RECORDS FOR THIS EXERCISE:
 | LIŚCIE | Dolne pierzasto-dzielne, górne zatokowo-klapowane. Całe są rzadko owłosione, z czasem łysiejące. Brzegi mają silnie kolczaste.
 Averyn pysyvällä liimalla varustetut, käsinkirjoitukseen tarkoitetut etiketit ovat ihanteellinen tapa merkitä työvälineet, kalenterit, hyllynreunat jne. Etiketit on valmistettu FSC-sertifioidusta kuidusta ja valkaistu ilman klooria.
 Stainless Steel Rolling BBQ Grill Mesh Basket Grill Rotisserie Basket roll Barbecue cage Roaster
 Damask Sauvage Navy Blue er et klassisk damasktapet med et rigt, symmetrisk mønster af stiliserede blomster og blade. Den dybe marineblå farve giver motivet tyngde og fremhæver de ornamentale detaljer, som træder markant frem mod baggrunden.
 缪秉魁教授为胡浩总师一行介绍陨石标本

--

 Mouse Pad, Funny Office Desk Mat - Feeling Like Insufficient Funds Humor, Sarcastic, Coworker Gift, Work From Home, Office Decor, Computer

YOUR INSTRUCTIONS:
Only the lines above from the one with "Damask Sauvage Navy" through the one with "缪秉魁教授为胡浩总师一行介绍陨石标本" should be duplicated, character for character.

RESPONSE TO THE EXERCISE:
 Damask Sauvage Navy Blue er et klassisk damasktapet med et rigt, symmetrisk mønster af stiliserede blomster og blade. Den dybe marineblå farve giver motivet tyngde og fremhæver de ornamentale detaljer, som træder markant frem mod baggrunden.
 缪秉魁教授为胡浩总师一行介绍陨石标本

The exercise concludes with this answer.